9.4.2 Reproducing the same analysis for a different site

The big advantage of using R lies in the reproducibility of all the analyses. Although it may have taken some time to develop an analysis for Arne it can now easily be used in a different setting.

What if we want to move the focus to Hengistbury head? This is a local nature reserve with a polygon delimiting the boundary in the local_reserves table. So the query below which just drops in the new area will do the trick to extract the priority habitat.


hh_query<-"select * from local_reserves where lnr_name = 'Hengistbury Head'"

st_read(conn,query=hh_query) ->hh
qtm(hh)

hh_habitat<-sprintf("select main_habit mhabitat, 
s1habtype,s2habtype,s3habtype habitat,
st_intersection(h.geom,s.geom) geom from 
(%s) s,
ph_v2_1 h 
where st_intersects(h.geom,s.geom)",hh_query)

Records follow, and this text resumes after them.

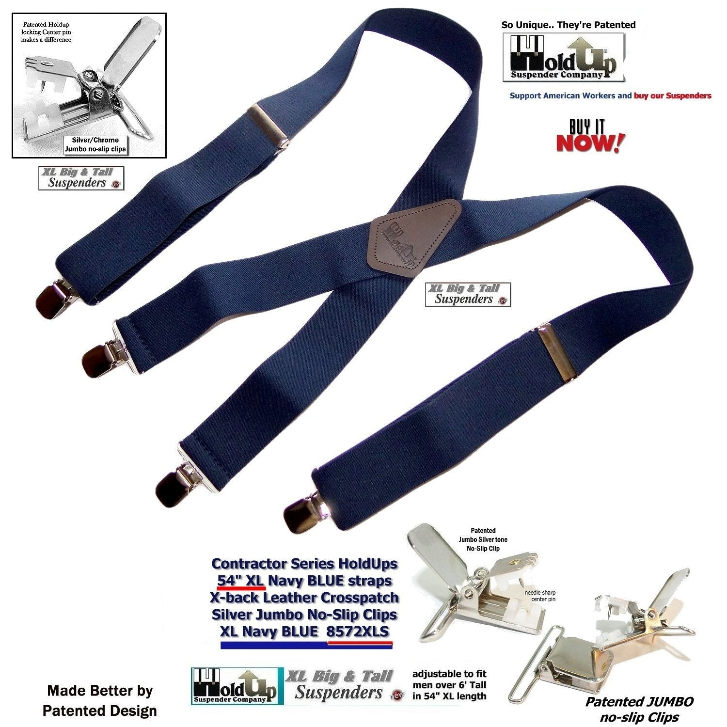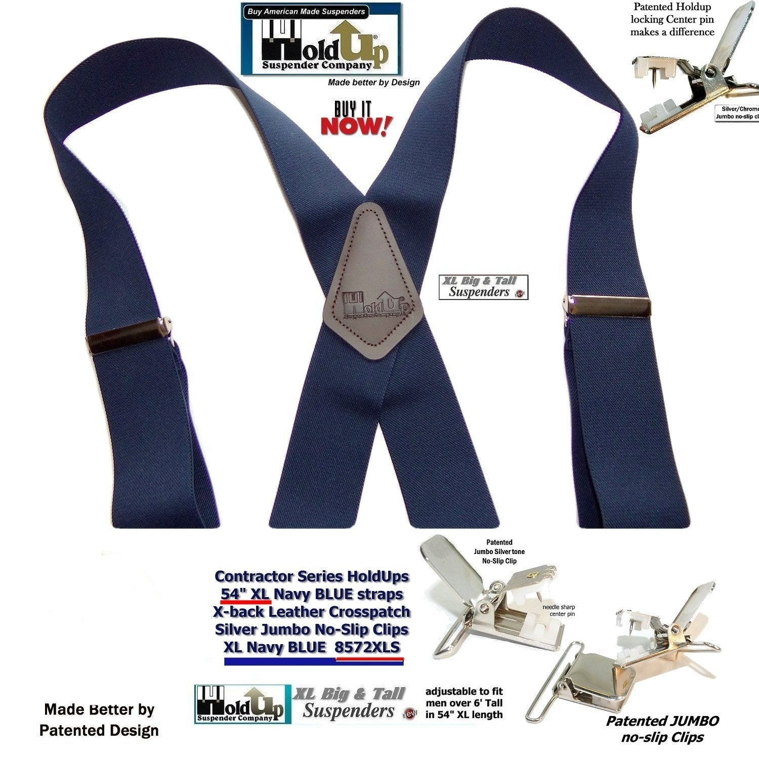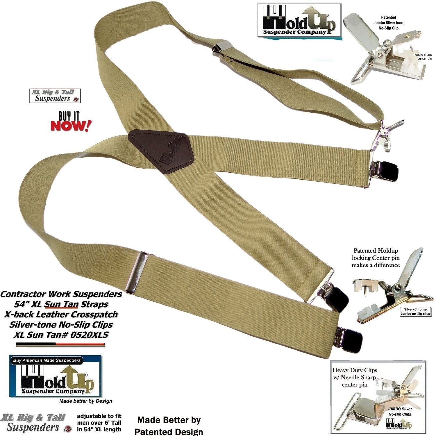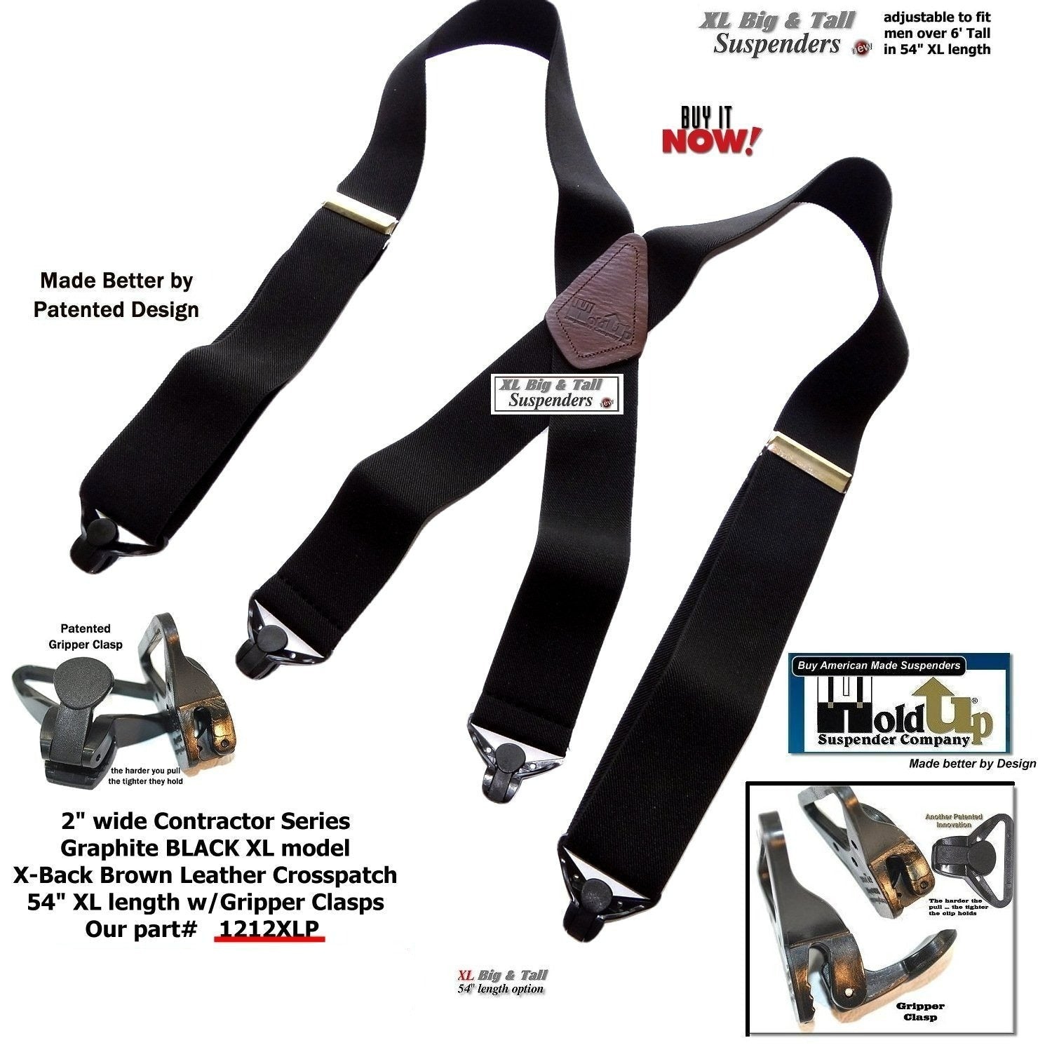 Contractor Series Work Suspenders with USA Patented Jumbo No-slip Clips or Gripper Clasps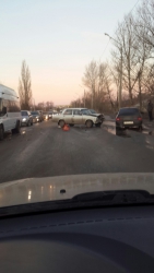 Сегодня около 8:00 на кольце Елшанки, недалеко от светофора произошла авария с участием двух легковушек: "пятерки" и иномарки. От удара "пятерку" развернуло на скользкой дороге поперек, в результате обе машины заблокировали две полосы проезжей части.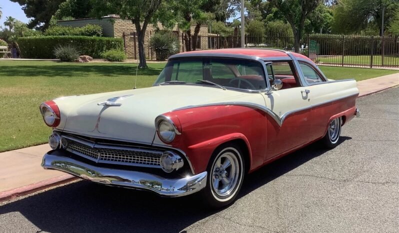 This 1955 Ford Fairlane Crown Victoria is powered by a replacement 312ci Y-block V8 paired with a four-speed automatic transmission and is finished in red and white over a matching interior.

habitats<-st_read(conn, query=hh_habitat)
qtm(habitats, "mhabitat") +tm_style("classic")

The query below extracts the paths.

hh_paths<-sprintf("select st_intersection(way,geom) geom from  (%s) s,
dorset_line l where st_intersects(way,geom)", hh_query)

paths<-st_read(conn, query=hh_paths)
qtm(paths)

Now to reproduce the buffering analysis for Hengistbury head we just need to drop in queries that returned results for Hengistbury head instead of those which pulled the layers from the Arne schema. The sprintf trick is invaluable again here, as typing out the full query would be very tedious and error prone. As it is, all the code has been tested for Arne and all that is needed is to place the Hengistbury select queries within brackets.

query1<-sprintf("select mhabitat,st_buffer(st_union(geom),0.1) geom 
from (%s) s group by mhabitat ",hh_habitat)

query2<-sprintf("select st_buffer(st_union(geom),50) geom 
from (%s) s",hh_paths)

query3<-sprintf("select mhabitat,st_difference(h.geom,p.geom) 
    geom from (%s) h, (%s) p",query1,query2)

dif<-st_read(conn,query=query3)

qtm(dif,"mhabitat") +tm_style("classic")

9.4.3 Exercises

We can see that there is much less undisturbed habitat of any type at Hengistbury head. This could be quantified and experiments run with different buffer widths.